The results clearly indicate that the removal efficiencies of S. aureus increased with the extension of reaction time. Specifically, the removal efficiencies improved from 35.2%, 58.1%, 83.3%, 97.4%, 99.8%, to 100% when the reaction time was increased to 1, 2, 3, 5, 7, and 10 min, respectively. According to obtained result, the combination of EF and UV/H₂O₂ process was more efficient for S. aureus removal efficiency than EF and UV/H₂O₂ alone. The increase in removal efficiency may be attributed to the enhancement of the Fenton reaction rate through simultaneous UV irradiation. This phenomenon assists in the regeneration of the required Fe²⁺ species (reaction 13).

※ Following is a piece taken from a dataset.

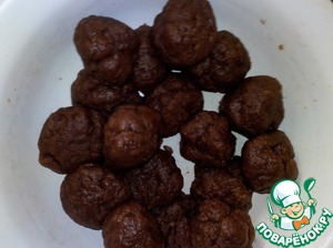 Для теста маргарин растопить, добавить воду, муку, сахар и какао. Замесить тесто.

$$ {\text{Fe}}^{3 + } + {\text{h}}\upsilon \to {\text{Fe}}^{2 + } + {\text{ HO}}^{ \cdot } { } $$

(13)

The obtained results show that the coupling of EF process with UV/H₂O₂ process can be a promising approach for the removal of S. aureus.

Conclusions

In this study, substantial efforts were undertaken to remove S. aureus from contaminated water. The present research aimed to optimize the operational parameters of the EF, UV/H₂O₂, and combination processes using response surface methodology (RSM) based on central composite design (CCD). These measures were implemented to improve the efficacy of S. aureus removal. According to our findings, the combination of the EF and UV/H₂O₂ process was more efficient for removal efficiency than EF process (48.5%) and UV/H₂O₂ process (36.2%) alone. Furthermore, the analysis of variance showed the adequacy of the correspondence of the experimental data to the theoretically determined ones, i.e., the obtained mathematical model. The significant improvement of removal efficiency in combination of the EF and UV/H₂O₂ process highlighted the synergistic effect between EF and UV/H₂O₂ process. The results show that ^•OH was the main oxidant species contributed in removal efficiency of S. aureus under the EF and UV/H₂O₂, and combination process. The findings indicate that the combination EF and UV/H₂O₂ has significant potential as a highly efficient and environmentally friendly method for the removal of S. aureus.